Generally speaking, Judaism has not promoted vegetarianism. However, some prominent rabbis have been vegetarian, among them the first Chief Rabbi of pre-state Israel, Abraham Isaac Kook and fomer Chief Rabbi of Israel Shlomo Goren.

Some Orthodox authorities have ruled that it is forbidden for an individual to become a vegetarian if they do so because they believe in animal rights; however, they have ruled that vegetarianism is allowed for pragmatic reasons (if kosher meat is expensive or hard to come by in their area), health concerns, or for reasons of personal taste (if someone finds meat unpalatable). Some believe that halakha encourages the eating of meat at the Sabbath and Festival meals, thus some Orthodox Jews who are otherwise vegetarian will nevertheless consume meat at these meals.

There are several arguments from Judaism used by Jewish vegetarians. One is that, since Adam and Eve were not allowed to eat meat and that, according to some opinions, in the Messianic era, the whole world will be vegetarian, not eating meat is something that brings the world closer to that ideal. A second one is that the laws of shechita are meant to prevent the suffering of animals and today, with factory farming and high-speed, mechanized slaughterhouses, even kosher slaughterhouses are considered by some authorities not to fulfill enough of the requirements to render the meat kosher. A third one is that the Sages only mandated eating an olive's bulk of meat during festivals, but even then, this was because in Talmudic times, meat was considered essential for one's diet (whereas a vegetarian will probably be of the opinion that current science has shown otherwise).
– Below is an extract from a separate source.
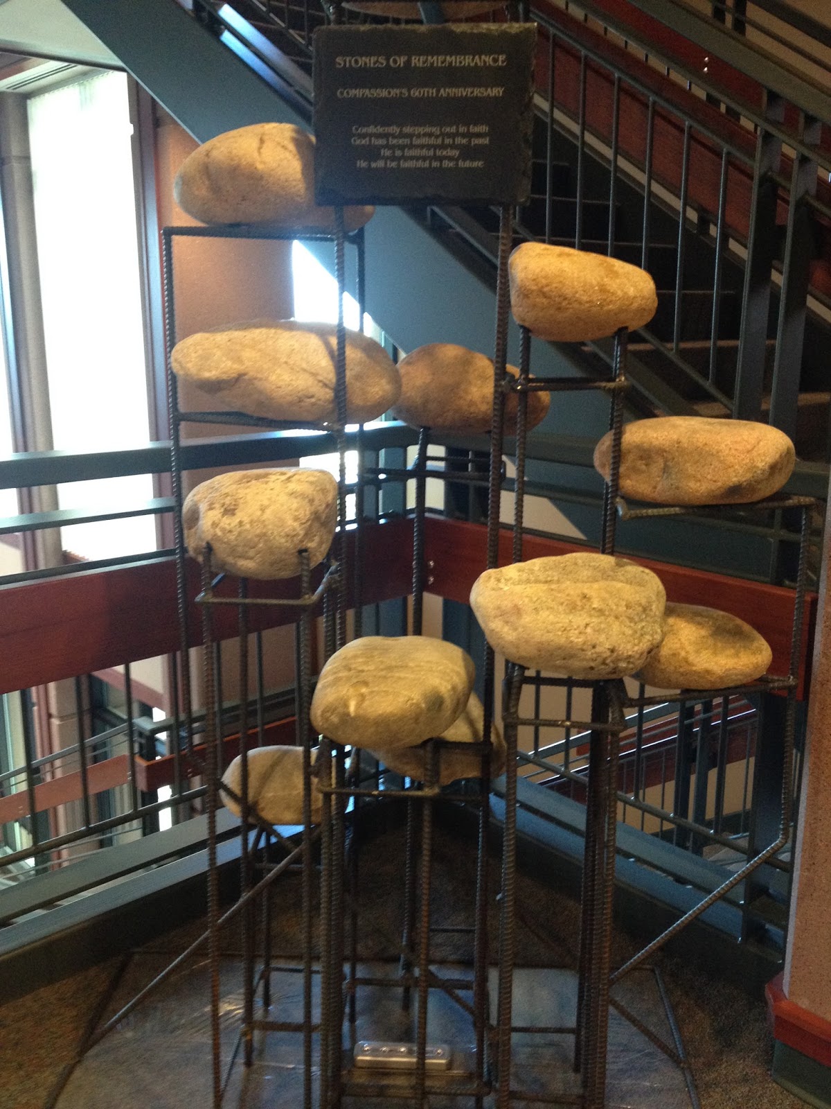 and my plan for making it my reminder to really work at changing the not-so-nice things about myself. To which he immediately responded-- as the awesome husband he is "What not-so-nice things?" I love him! Then he proceeds to tell me that they have something similar at his work. He works for Compassion International and in one of their upstairs common areas they have this great statue of several rocks displayed.

In Christianity, Paul wrote in his Epistle to the Romans that although he himself ate meat, the choice to eat meat or abstain from meat should be a matter of personal conviction: "The man who eats everything must not look down on him who does not, and the man who does not eat everything must not condemn the man who does, for God has accepted him." (Romans 14:3). Several Christian monastic groups have encouraged vegetarianism, including the Desert Fathers, Trappists, Benedictines, and Carthusians. Some Christian groups, such as Seventh-day Adventists and Christian anarchists, take a literal interpretation of the Biblical prophecies of universal vegetarianism and encourage vegetarianism as a preferred, though not required, lifestyle. However, most evangelical groups are unaware of the existence of any such prophecies, and point instead to the explicit prophecies of temple sacrifices in the Messianic Kingdom, many of which are eaten—see Ezekiel 46:12 where peace offerings and freewill offerings will be offered, and Leviticus 7:15-20 where it states that such offerings are eaten. Some key Christian historical figures such as St. Augustine and St. Francis of Assisi became vegetarians for ascetic reasons, not necessarily because of a religious edict to that effect. In the nineteenth century, members of the Bible Christian sect established the first vegetarian groups in England and the United States.

However, it has been argued that the anthropocentric viewpoint of the Bible encourages human exploitation of animals and meat eating. The bible says: "..And God said, Let us make man in our image, and after our likeness: and let him have dominion over the fish of the sea, and over the fowl of the air, and over the cattle, and over all the earth, and over every creeping thing that creepth upon the earth.", "And God blessed them, Be fruitful and multiply, and subdue the earth; and have dominion over the fish of the sea, and over the fowl of the air, and over every living thing that moveth upon the earth." As a result of this attitude, the Christian mind could exploit Nature and non human animals without the qualms that many other cultures had in disturbing a living, evolving process.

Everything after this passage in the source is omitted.